Claimant contends that she did not seek to clarify or correct the written entry because she believed she was entitled to sick leave. However, under company policy, no such leave was available to an employee until a six month period of employment had elapsed, and this had been clearly explained to the claimant at her orientation lecture. Thus, there can be no mitigating good cause to violate a company rule1 where the Claimant knew or should have known that she was not entitled to sick leave.

The Employer’s rule was designed reasonably to protect and foster legitimate business' practices. The rule enabled the Employer to keep accurate payroll records and to prevent falsification of time cards by employees. The detrimental effect of Claimant’s conduct to the Employer’s interest is obvious. This was particularly so in this case, since Claimant’s actions, as an assistant manager of security, would reduce the credibility of that department with other Employer personnel.

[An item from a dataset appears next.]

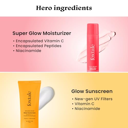 Foxtale Golden Glow Duo | SPF 50 Glow Sunscreen & Super Glow Moisturizer | Vitamin C, Niacinamide & Peptides | Brightens, Hydrates, Prevents Tan & Pigmentation | Lightweight, Non-Sticky, No White Cast | All Skin Types | Summer Essentials
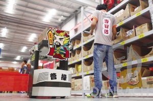 “我們這個倉儲搬運智能機(jī)器人被取名為‘曹操’,俗話說‘說曹操,曹操到’,以此表達(dá)天貓超市對物流實效的要求。”菜鳥網(wǎng)絡(luò)相關(guān)負(fù)責(zé)人表示,“曹操”是部可承重50公斤,速度達(dá)2米/秒的智能機(jī)器人,接到訂單后,它可以迅速定位出商品在倉庫分布位置,并規(guī)劃優(yōu)揀貨路徑。

There is substantial evidence to support the finding that Claimant’s entry, without good cause, of a later departure time on her time card, in violation of stated company policy, was wilful misconduct under Section 402(e) of the Act. Accordingly, we affirm the Board’s denial of benefits in this case.

Order

And Now, this 8th day of February, 1978, the- order of the Unemployment Compensation Board of Re*530view in the above-captioned matter denying benefits to Jndith L. Strohecker, is hereby affirmed, and the Petition for Review dismissed.

Cf. Frumento v. Unemployment Compensation Board, of Review, 466 Pa. 81, 351 A.2d 631 (1976). In that ease, the Court held that violation of an employer’s rule does not constitute wilful misconduct if the employee’s action is justifiable or reasonable under the circumstances.